Letter to the editor

Use of washed sperm for assisted reproduction in HIV-positive males without checking viral absence. A risky business?

Nicolás Garrido1 and Marcos Meseguer

Andrology and Semen Bank, Instituto Valenciano de Infertilidad, Plaza de la Policia Local 3, 46015 Spain

1 To whom correspondence should be addressed. E-mail: nicolas.garrido{at}ivi.es

Sir,

We read with interest the manuscript by Mencaglia et al. (2005)Go, where they described their experience in the treatment of human immunodeficiency virus serodifferent couples when the male was infected, and surprisingly we noticed that no test to confirm viral absence in the washed sperm sample was performed.
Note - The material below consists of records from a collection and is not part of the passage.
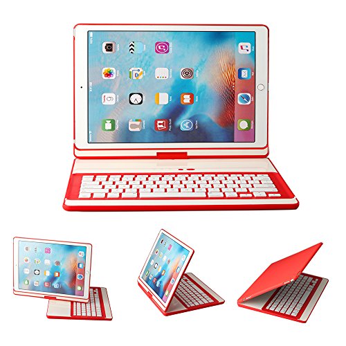 -. Feature : 1. Compatible for Apple New ipad 2017 and ipad 5 & ipad Air. Will not fit iPad Pro 9.7 and other iPad.Red design with a Hard PC polycarbonate exterior body that is water resistant, dirt, and shockproof. / 2. New ipad 360 Degree Rotation protective case with a wireless Bluetooth keyboard and Swivel Stand,let your iPad Pro turned laptop, easy to work. / 3. The keyboard has good key responsiveness and and the keys typed have instantaneous appearance on the screen. / 4.High quality hard clamshell case with matte finish. Ultra-low profile Bluetooth keyboard, with spacious, optimized key design for comfortable typing experience. / 5. 360 degrees rotatable swivel stand: Versatile 360 degrees swivel stand offers greater convenience when operating the ipad.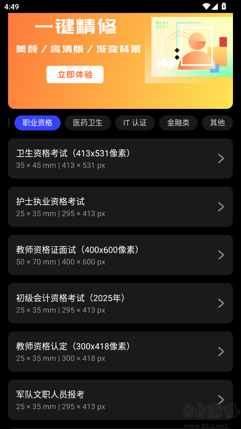 涵盖国家司法考试、注册会计师、大学英语四六级、公务员、教师资格证等各类考试报名所需照片;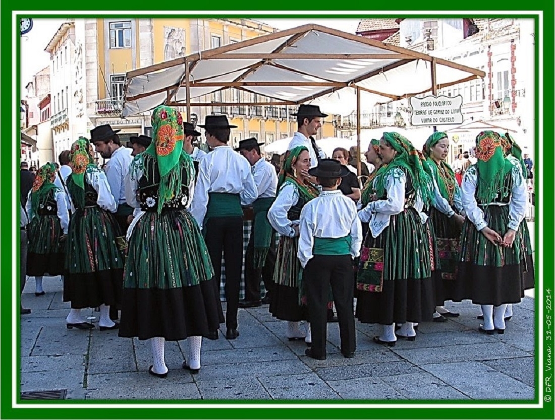 В материале о костюме Vianesa - коллаж из 5 фото и пояснение: «Очень известный костюм, который вот уже более 100 лет носят девушки из деревень округа Виана-ду-Каштелу. Этот красочный и столь типичный костюм – традиционный символ региона.»

This is (to our knowledge), the second paper available in the literature using the same procedures (see Pena et al., 2003Go), and they argued, as Pena did, that no method is currently available to detect HIV in a single sperm, that sensitivity of the available laboratory assays is 200–800 copies/ml, and also that polymerase inhibitors interfering with PCR reactions exist, thus provoking false negatives.
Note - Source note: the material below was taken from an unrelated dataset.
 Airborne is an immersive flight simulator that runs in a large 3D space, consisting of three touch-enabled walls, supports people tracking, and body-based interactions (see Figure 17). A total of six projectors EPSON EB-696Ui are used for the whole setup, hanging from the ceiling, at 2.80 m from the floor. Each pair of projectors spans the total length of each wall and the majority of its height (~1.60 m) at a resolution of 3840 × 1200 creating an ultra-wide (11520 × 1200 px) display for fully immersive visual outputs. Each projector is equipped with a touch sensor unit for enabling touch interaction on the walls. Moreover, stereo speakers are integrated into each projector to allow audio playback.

We are against these affirmations, and firmly believe that nowadays it is possible to detect even a single copy of HIV virus in washed sperm by nested PCR, as we previously published (Meseguer et al., 2002Go). Moreover, we can avoid false negatives by implementing the adequate positive controls (adding viral sequences to aliquots of the samples before they are tested). Polymerase inhibitors were never present after wash, and the failure rate of the assay was zero.

We agree with the suggestion that both gamete manipulation and assisted reproduction procedures themselves probably reduce the transmission risks—the former by the elimination of seminal plasma and round cells, the latter by simply exposing the women to very few potentially infected sperm and diminishing the number of exposures needed to achieve pregnancy (obviously, via sexual intercourse, repeated exposures to more sperm cells could be needed before achieving pregnancy).
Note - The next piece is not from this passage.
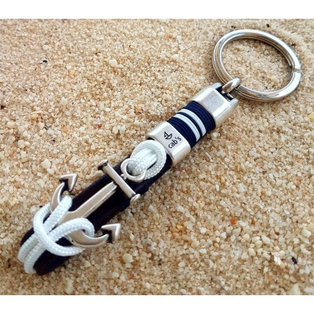 Llavero náutico, fabricado con cuero, cabo náutico y zamak. "Hecho a mano". 100% artesanal. Fabricado en España.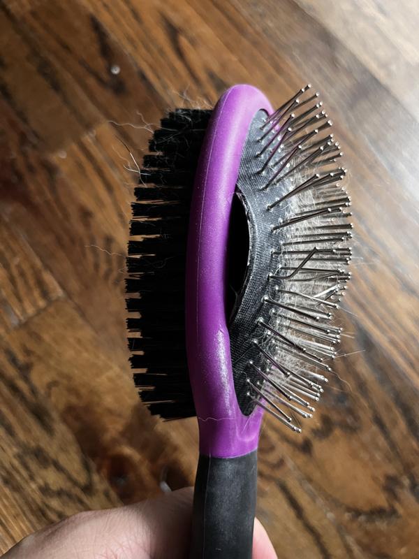 Double-sided brushes detangle, soften the coat and remove excess loose fur to help reduce shedding.

Nevertheless, technically we can ensure the absence of virus, reducing the transmission risk to a theoretical zero. Also, we can be sure that no sperm present the virus, when a sample is washed, since one-half of the resulting sample is analysed, and then we can extrapolate the result to the half sample frozen for the ICSI procedures. Then there is no need to test the single sperm that is going to be injected, in the same way that collecting a sample of peripheral blood and testing it is enough to determine whether or not a person carries HIV, and in consequence it is not necessary to test the whole blood in an individual.

Also, we must take into account the costs associated with these tests. They imply <10% of the treatment fees, and even less when more than one treatment is needed, since frozen sperm from a single wash can be employed several times.

To date, ~5–10% of the samples still present HIV load after wash. For patient, children, and staff safety, we consider this should be treated accordingly.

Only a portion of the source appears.